After giving birth, many couples think about contraception. And there are reasons for this: the new baby, the health of the mother, the financial capabilities of the young family.

How long after giving birth should you abstain from sex?

The therapeutic and protective regime after childbirth lasts 6-8 weeks. During this period, the function of all organs and systems of the female body is restored after childbirth, the uterus contracts completely, postpartum discharge stops, and the cervix is ​​finally formed.

When will the cycle be restored and is it necessary to use contraception immediately after childbirth?

Menstruation may resume after 2 months. If a woman is breastfeeding, be absent for 8 months or more. But even without menstruation, the likelihood of getting pregnant again is very high.

A non-breastfeeding woman, as well as a rarely breastfeeding woman, should use contraceptives immediately upon the onset of sexual activity. If you stop night feeding or introduce complementary foods, you must take precautions to avoid unwanted pregnancy.

Contraception issues for a nursing mother need to be carefully considered

Does breastfeeding prevent pregnancy?

This natural method of birth control is called lactational amenorrhea.

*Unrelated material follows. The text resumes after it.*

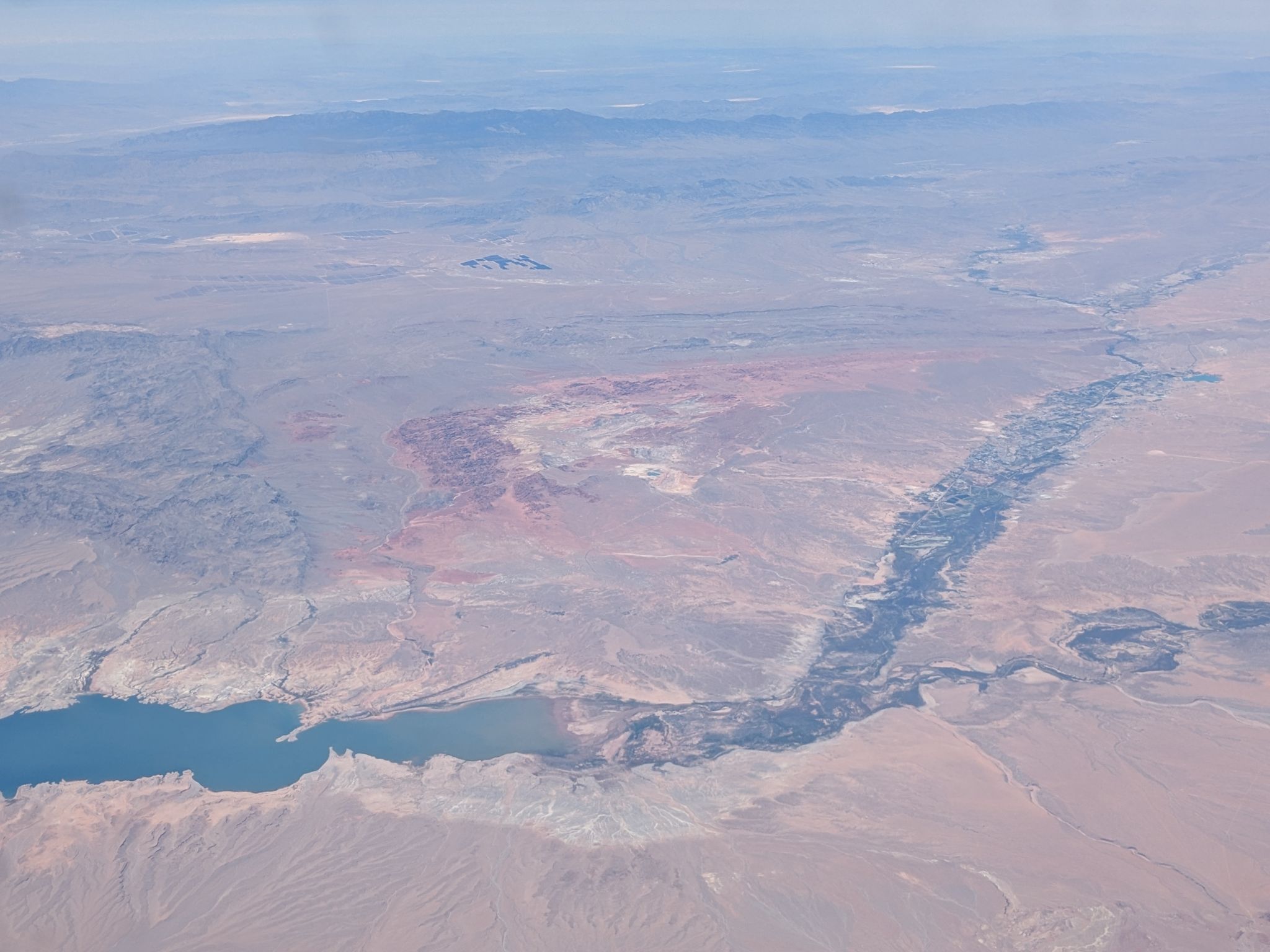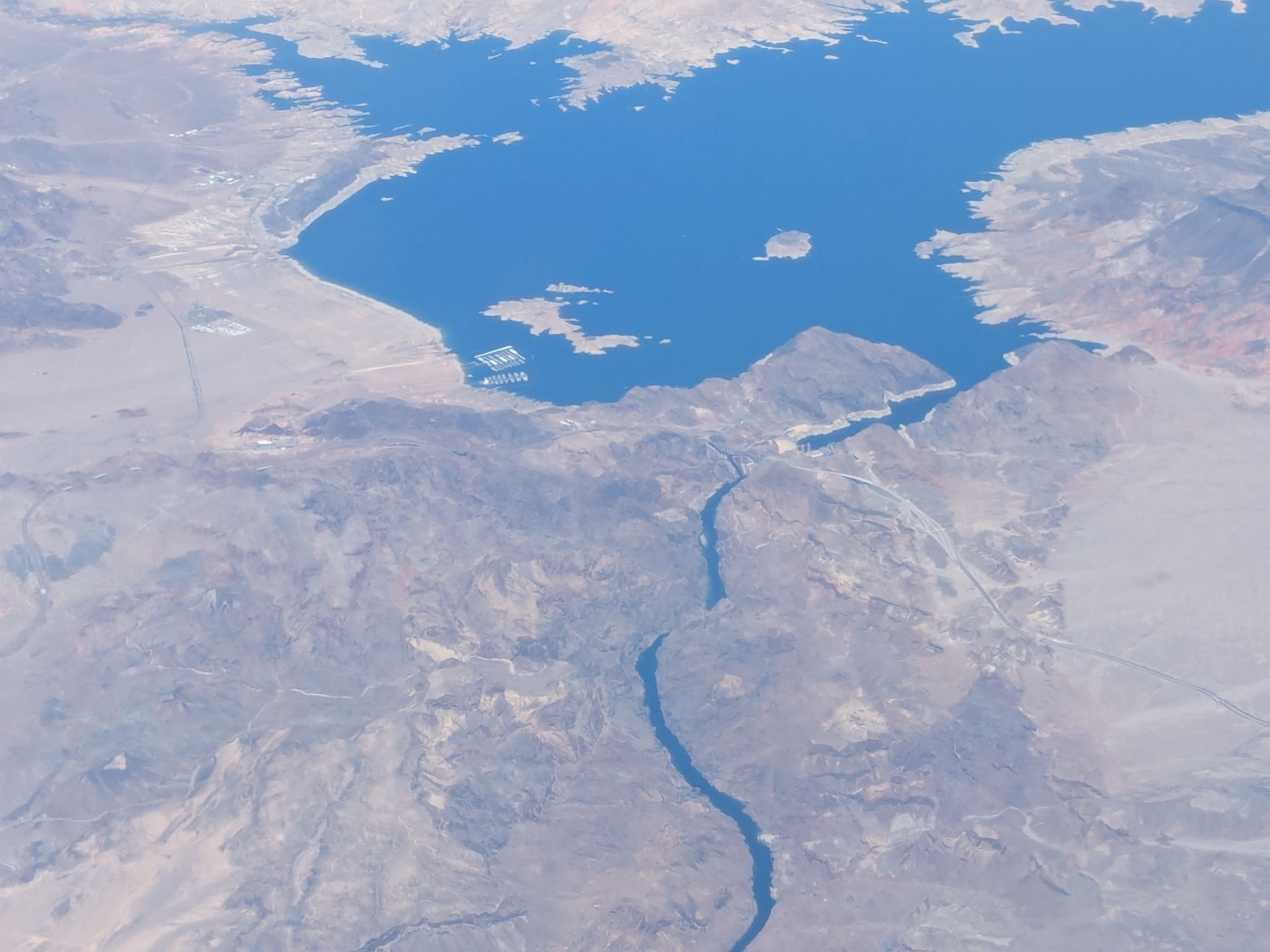 Kurz vor der Landung dann das andere Extrem: Wüste. Wir erkennen das Valley of Fire, den Hoover Damm und selbstverständlich Las Vegas.

The mechanism of its action is simple: during breastfeeding, the body produces the hormone prolactin, which is responsible for milk production and prevents the maturation of the egg.

However, this method is effective only in certain cases:

  • in the first 6 months after birth;
  • if a woman does not menstruate;
  • The mother breastfeeds the baby on demand, without supplementing with formula. The intervals between feedings are no more than 4 hours during the day and no more than 6 hours at night.

Does contraception with spermicide harm the baby?

Spermicides are a group of topical chemical contraceptives that are inserted into the vagina. They come in the form of creams, tablets, suppositories. They do not pass into breast milk in any way, so they will not harm the baby. In addition, the high contraceptive effect of spermicides is combined with protection against sexually transmitted diseases. However, read the instructions carefully. Some spermicides do not tolerate soap. When in contact with it, the contraceptive effect is zero.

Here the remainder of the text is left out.